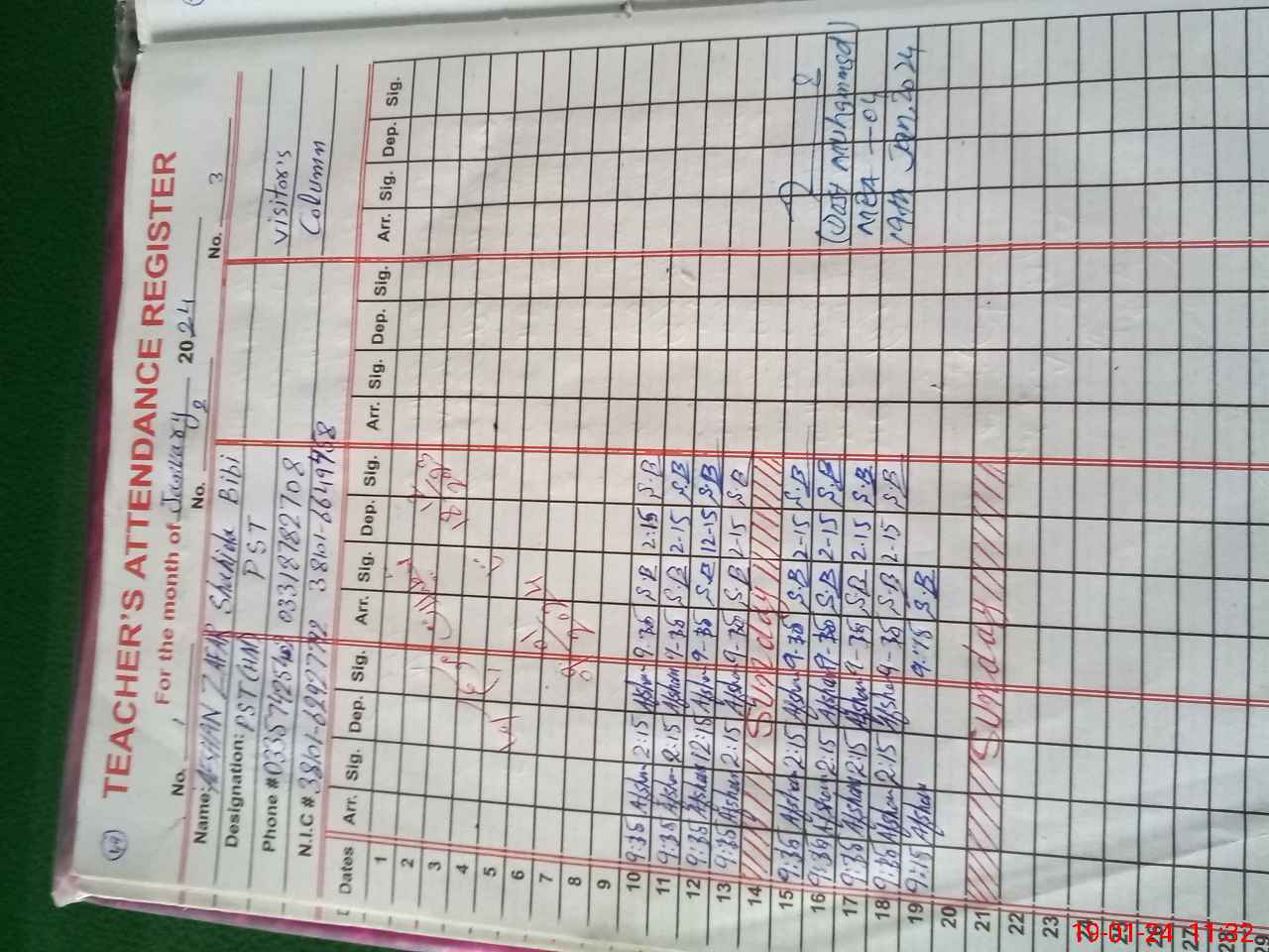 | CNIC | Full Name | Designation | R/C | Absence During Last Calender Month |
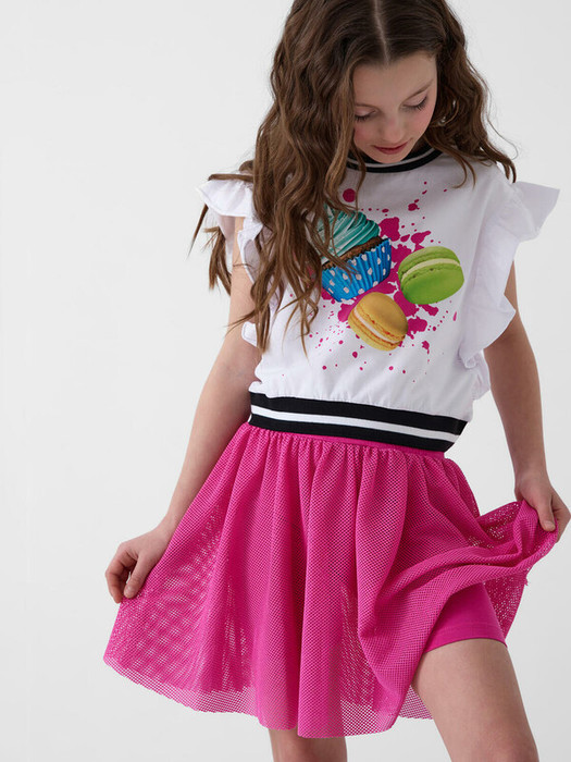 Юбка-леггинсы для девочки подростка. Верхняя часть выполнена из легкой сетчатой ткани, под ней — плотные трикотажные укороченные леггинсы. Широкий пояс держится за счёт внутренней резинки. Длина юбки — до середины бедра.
==
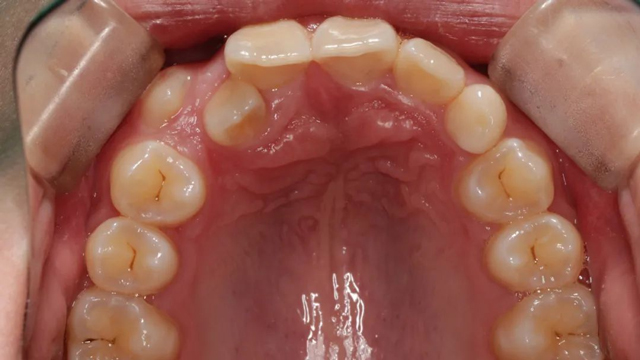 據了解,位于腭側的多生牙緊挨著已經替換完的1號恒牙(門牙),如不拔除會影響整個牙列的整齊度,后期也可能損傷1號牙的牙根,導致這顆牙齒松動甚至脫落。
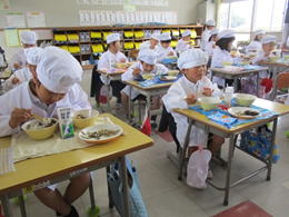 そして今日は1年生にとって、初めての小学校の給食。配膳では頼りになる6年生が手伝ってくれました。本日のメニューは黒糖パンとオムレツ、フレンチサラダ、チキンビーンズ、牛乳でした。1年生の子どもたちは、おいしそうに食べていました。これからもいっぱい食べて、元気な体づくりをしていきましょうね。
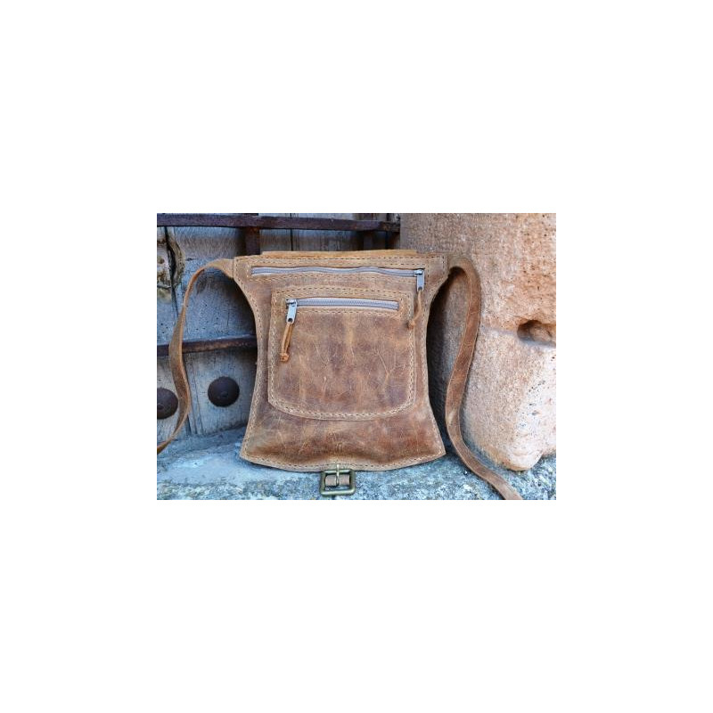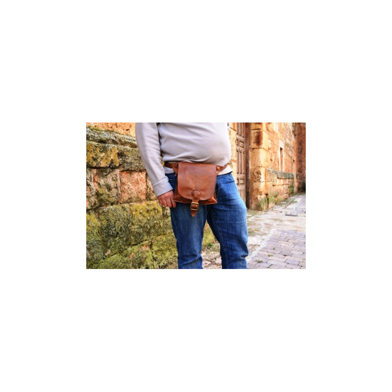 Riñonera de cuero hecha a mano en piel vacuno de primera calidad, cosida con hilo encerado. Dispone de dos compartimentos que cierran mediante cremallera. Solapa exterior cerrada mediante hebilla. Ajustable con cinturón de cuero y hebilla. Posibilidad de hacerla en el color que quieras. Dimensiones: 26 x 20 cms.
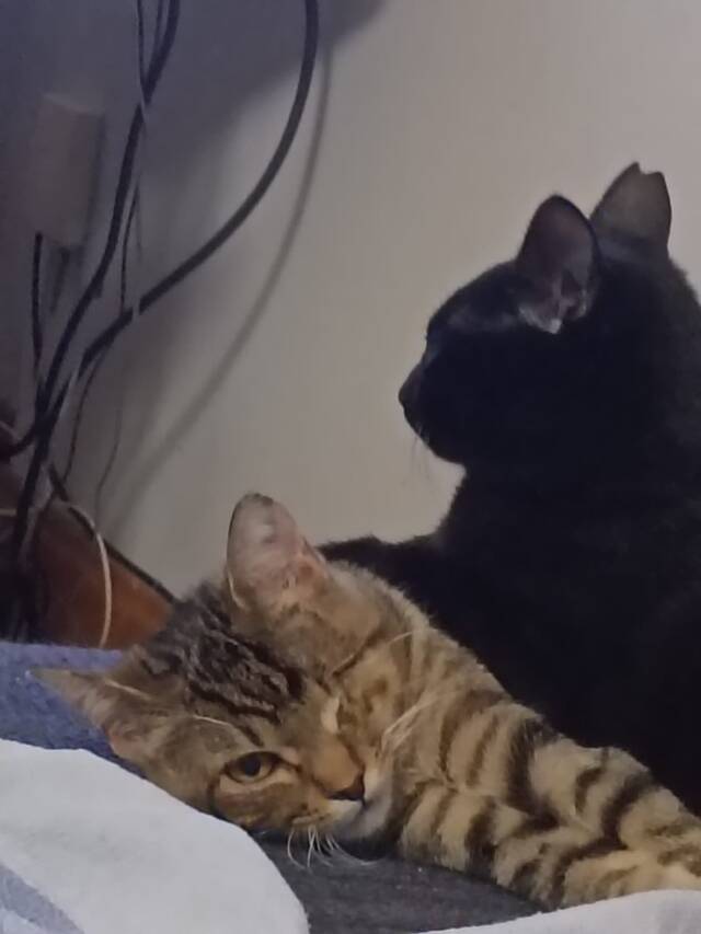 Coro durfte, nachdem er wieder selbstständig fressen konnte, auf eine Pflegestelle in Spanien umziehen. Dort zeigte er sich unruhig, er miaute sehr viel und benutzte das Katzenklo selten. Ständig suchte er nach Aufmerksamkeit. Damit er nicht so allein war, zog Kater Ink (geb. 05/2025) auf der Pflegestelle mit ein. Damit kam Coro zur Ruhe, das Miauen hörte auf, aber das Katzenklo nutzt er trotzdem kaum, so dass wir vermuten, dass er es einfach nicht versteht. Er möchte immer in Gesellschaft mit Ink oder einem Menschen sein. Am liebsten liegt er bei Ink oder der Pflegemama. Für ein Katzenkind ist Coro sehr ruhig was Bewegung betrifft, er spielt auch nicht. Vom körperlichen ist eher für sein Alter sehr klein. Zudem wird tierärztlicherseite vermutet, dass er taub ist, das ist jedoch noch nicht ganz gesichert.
--
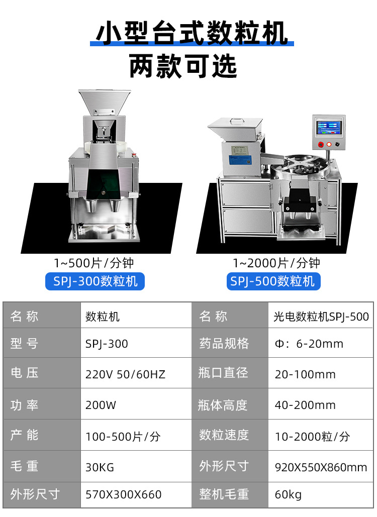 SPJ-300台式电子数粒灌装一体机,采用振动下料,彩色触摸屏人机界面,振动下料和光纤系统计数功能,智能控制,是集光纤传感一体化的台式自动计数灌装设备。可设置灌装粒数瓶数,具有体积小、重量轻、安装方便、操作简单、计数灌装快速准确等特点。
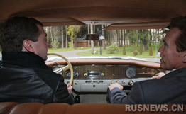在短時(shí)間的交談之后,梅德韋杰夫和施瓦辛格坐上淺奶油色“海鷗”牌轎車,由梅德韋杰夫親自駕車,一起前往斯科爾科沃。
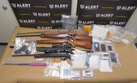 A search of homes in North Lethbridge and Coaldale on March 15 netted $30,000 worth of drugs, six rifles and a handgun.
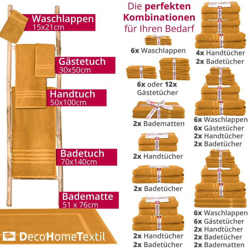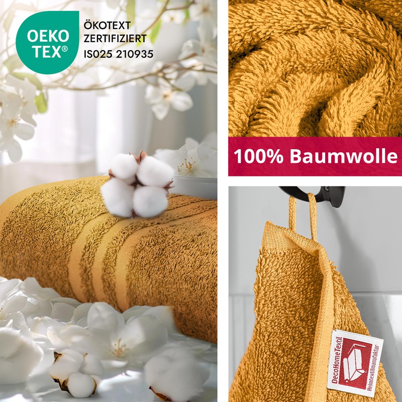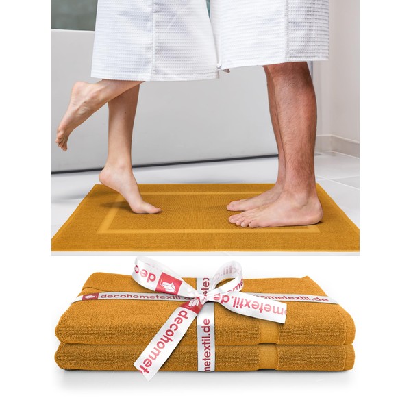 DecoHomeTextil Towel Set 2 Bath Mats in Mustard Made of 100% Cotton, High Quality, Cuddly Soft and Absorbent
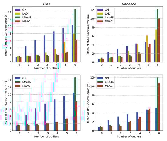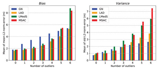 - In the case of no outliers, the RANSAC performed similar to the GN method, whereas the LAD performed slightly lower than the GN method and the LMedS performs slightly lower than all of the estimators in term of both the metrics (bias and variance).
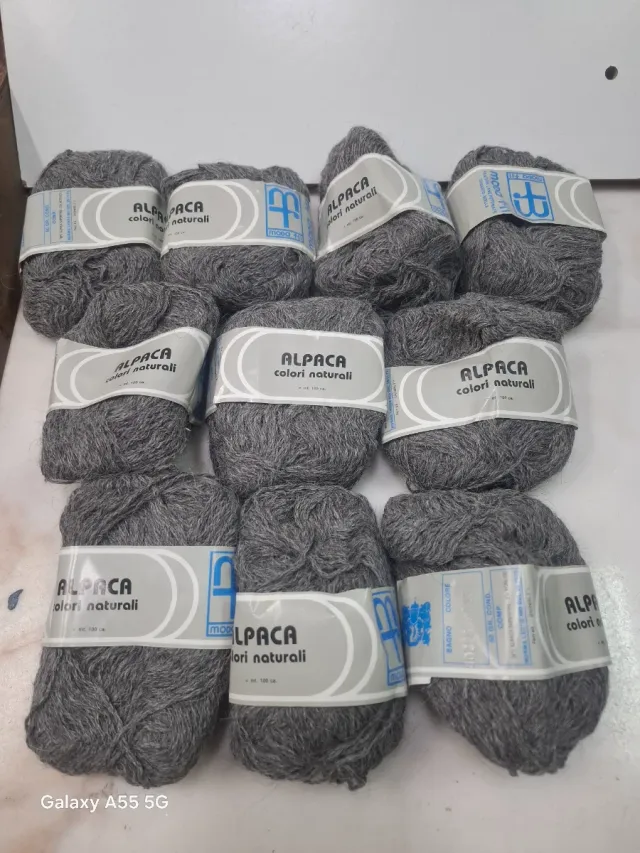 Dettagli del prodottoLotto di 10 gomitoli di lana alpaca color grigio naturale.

▶ ABOUT THIS TASK:
Leave out every picture, and copy exactly the lines above starting at the one holding "SPJ-300台式电子数粒灌" and ending at the one holding "- In the case", no more and no less.

▶ EXERCISE OUTPUT:
 SPJ-300台式电子数粒灌装一体机,采用振动下料,彩色触摸屏人机界面,振动下料和光纤系统计数功能,智能控制,是集光纤传感一体化的台式自动计数灌装设备。可设置灌装粒数瓶数,具有体积小、重量轻、安装方便、操作简单、计数灌装快速准确等特点。
在短時(shí)間的交談之后,梅德韋杰夫和施瓦辛格坐上淺奶油色“海鷗”牌轎車,由梅德韋杰夫親自駕車,一起前往斯科爾科沃。
 A search of homes in North Lethbridge and Coaldale on March 15 netted $30,000 worth of drugs, six rifles and a handgun.
 DecoHomeTextil Towel Set 2 Bath Mats in Mustard Made of 100% Cotton, High Quality, Cuddly Soft and Absorbent
 - In the case of no outliers, the RANSAC performed similar to the GN method, whereas the LAD performed slightly lower than the GN method and the LMedS performs slightly lower than all of the estimators in term of both the metrics (bias and variance).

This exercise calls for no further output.